Authors: Jenny Schwartz
“They’ve gone beyond advocating it,” Jed said grimly. “They’re committing it.”
Esme gripped his sleeve. She didn’t have to put her fear into words.
He put a reassuring arm around her shoulders, ignoring the crowd. “I know, sweetheart. I promise you, if the damn thing works, he won’t get his hands on it.”
Chapter Thirteen
The final tweaks to the prototype had taken longer than Jed anticipated, but late the following morning it was finally ready to test.

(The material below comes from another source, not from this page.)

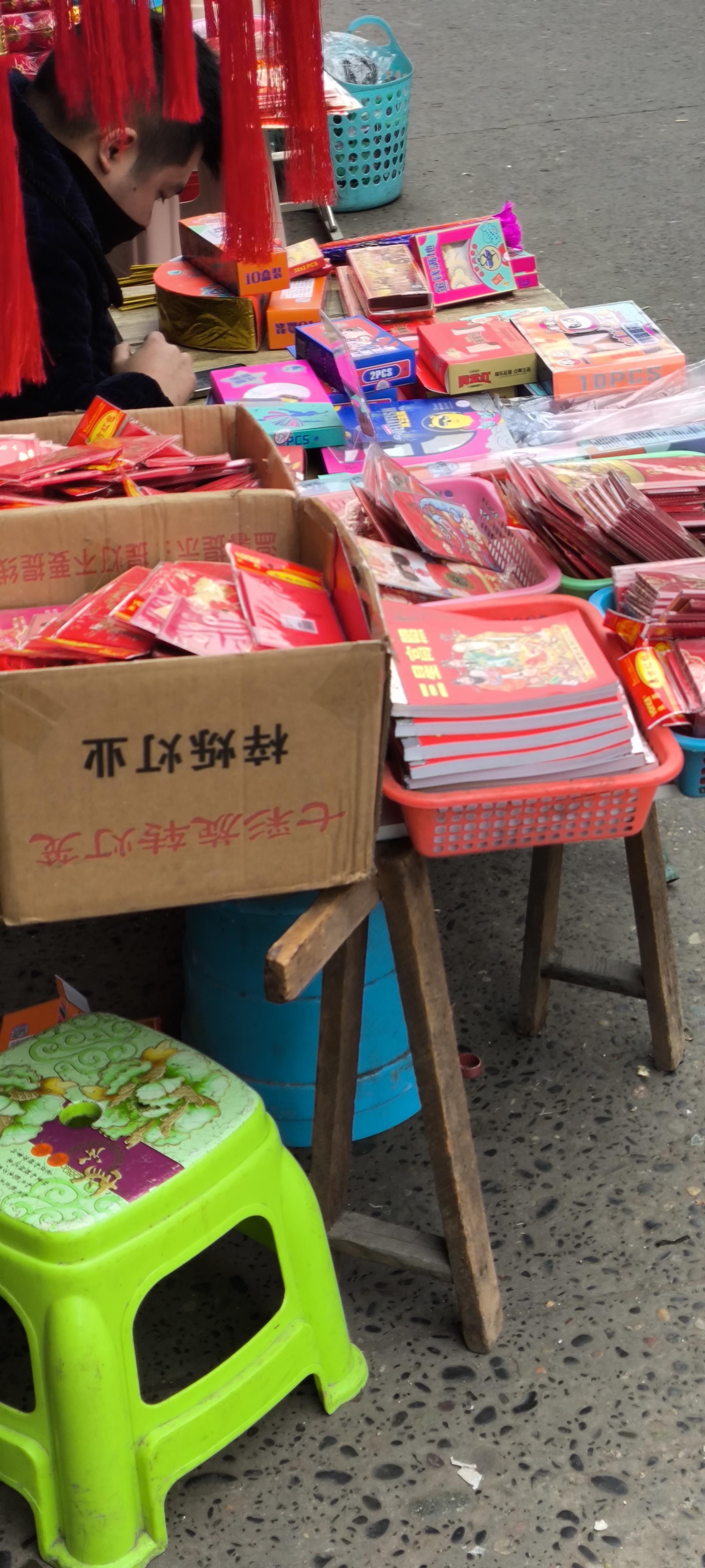 有人在邻玉镇农贸市场内贩卖烟花爆竹

Using jeweler’s tweezers, he picked up the chip of emerald he’d pried from a posy ring the jeweler had willingly created for him—emerald for
e,
sapphire for
s,
moonstone for
m
and a second emerald for
e
spelled
Esme.
He fitted the emerald chip into the gold cradle of the sonic exploding prototype.
Beside him, Esme watched closely.
His whole body tautened at the rose-and-sandalwood scent of her. Her hair was frankly messy after their busy hours in the workshop. Sweet disorder, the poets called it. He had another name for the tantalizing lure of her hair brushing against his jacket and clinging to the rough weave. He wanted to feel her unbound hair against his skin, to coil it around his hands and hold her prisoner for his kiss. She’d be the most rewarding prisoner, so beautifully responsive.
He shifted abruptly, trying to discipline his thoughts and his body.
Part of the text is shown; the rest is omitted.